■ **Data section**:
= = = = = = =
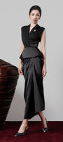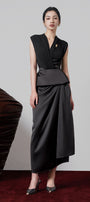 Non-elastic, Deep V-neck, Gathered on the front body, Cut-out at the waist, Teardrop clasp on the side
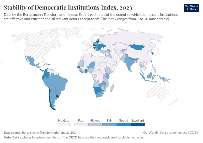 Bertelsmann Transformation Index (2024) – processed by Our World in Data. “Stability of Democratic Institutions Index” [dataset]. Bertelsmann Transformation Index, “Bertelsmann Transformation Index, Scores” [original data]. Retrieved February 27, 2026 from https://data-chartpreview-unify.owid.pages.dev:8789/20260105-133053/grapher/stability-democratic-institutions-index-bti.html (archived on January 5, 2026).
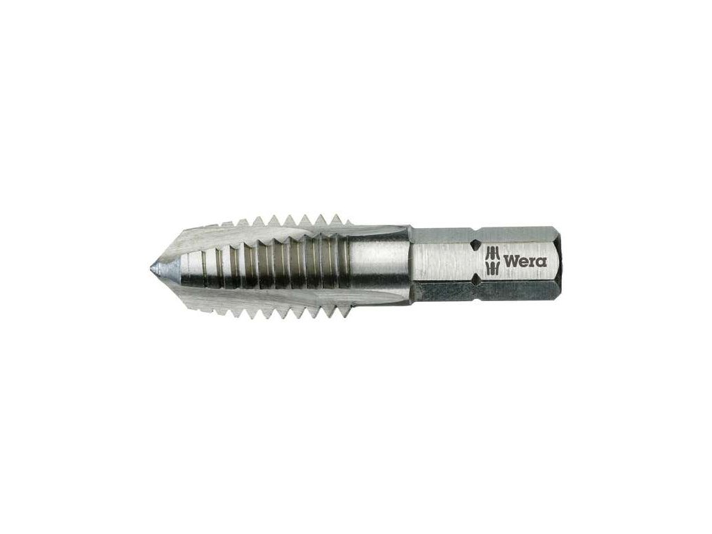 Krátký strojní závitník Wera s bitovým uchycením (vnější šestihran 1/4")Kvalitní bit Wera s závitníkem vhodným řezání metrických závitů
= = = = = = =
■ **Your assignment**: Copy out all the data exactly. The images should not appear in the copy.

■ **Output of the exercise**:
 Non-elastic, Deep V-neck, Gathered on the front body, Cut-out at the waist, Teardrop clasp on the side
 Bertelsmann Transformation Index (2024) – processed by Our World in Data. “Stability of Democratic Institutions Index” [dataset]. Bertelsmann Transformation Index, “Bertelsmann Transformation Index, Scores” [original data]. Retrieved February 27, 2026 from https://data-chartpreview-unify.owid.pages.dev:8789/20260105-133053/grapher/stability-democratic-institutions-index-bti.html (archived on January 5, 2026).
 Krátký strojní závitník Wera s bitovým uchycením (vnější šestihran 1/4")Kvalitní bit Wera s závitníkem vhodným řezání metrických závitů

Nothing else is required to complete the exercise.